What types of attacks and protections are included in the DDoS Protector appliance?

The DDoS Protector family defends against more than 100 attack types including SYN floods, low-and-slow attacks, HTTP floods, SSL-related attacks, brute force, BGP table attacks, session attacks, invasive scans, and protocol-based attacks over TCP, UDP, ICMP, IGMP and fragmented packets. Protection capabilities include adaptive behavioral-based detection, SSL defense, WAF and IPS features, predefined and customizable DoS shields with rate-limits and SYN thresholds, connection rate limiting, and L3/L4 blacklisting rules. Together these features allow administrators to set per-pattern rate limits, configure tracking/source counts, and stop known malicious sources at the network edge.

What operational steps should administrators take during a suspected DDoS attack and what support options exist?

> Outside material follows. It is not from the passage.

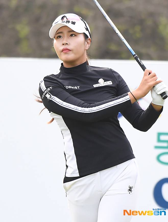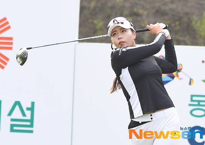 이날 프로골퍼 성유진이 10번홀에서 티샷을 하고 있다.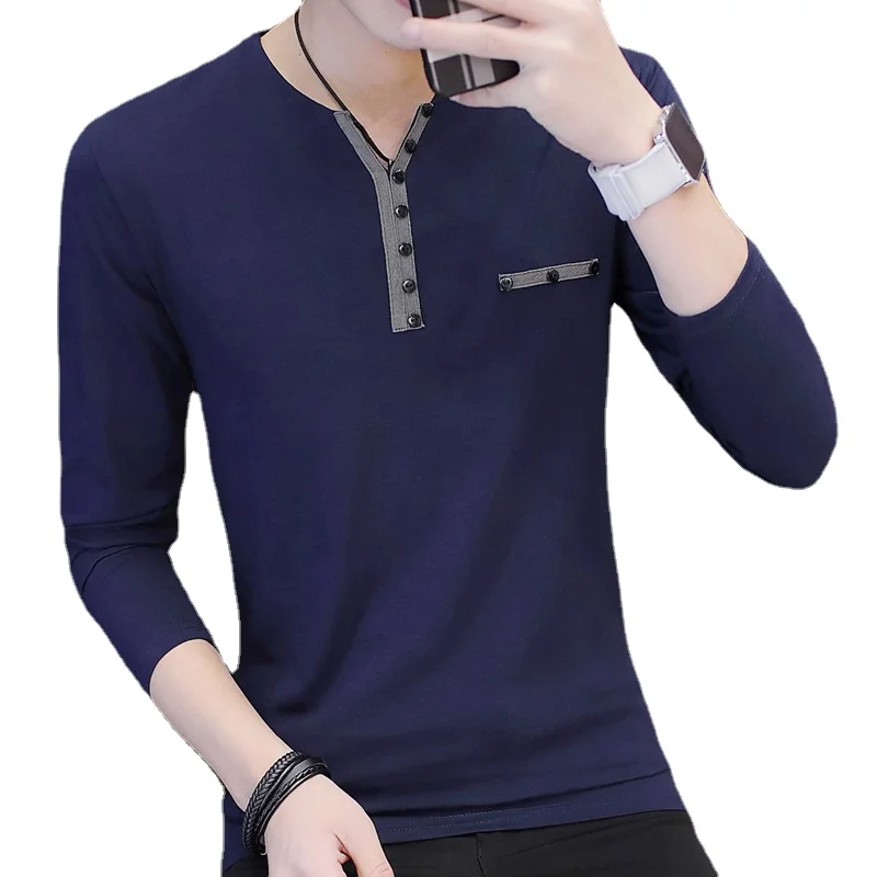 Футболка мужская с длинным рукавом, хлопок, пуговицы, v-образный вырез, повседневная одежда, осень-зима

Administrators should first verify that policies are in Block and Report mode, ensure firmware and the attack database are up to date, confirm all IP ranges are covered by security policies, and enable recommended signatures such as DoS-All followed by a BDoS profile. They should set connection limits by adjusting the source count tracking type, lower SYN protection activation and termination thresholds as needed, and use blacklisting and connection rate limits. Packet captures via a mirrored switch/router port (for example using Wireshark) are critical for troubleshooting and for Check Point Technical Support. If local measures fail, Check Point provides 24/7 Emergency Response Team support and can guide mitigation steps; they may request remote access to the device (e.g., via a mobile hotspot) to assist immediately.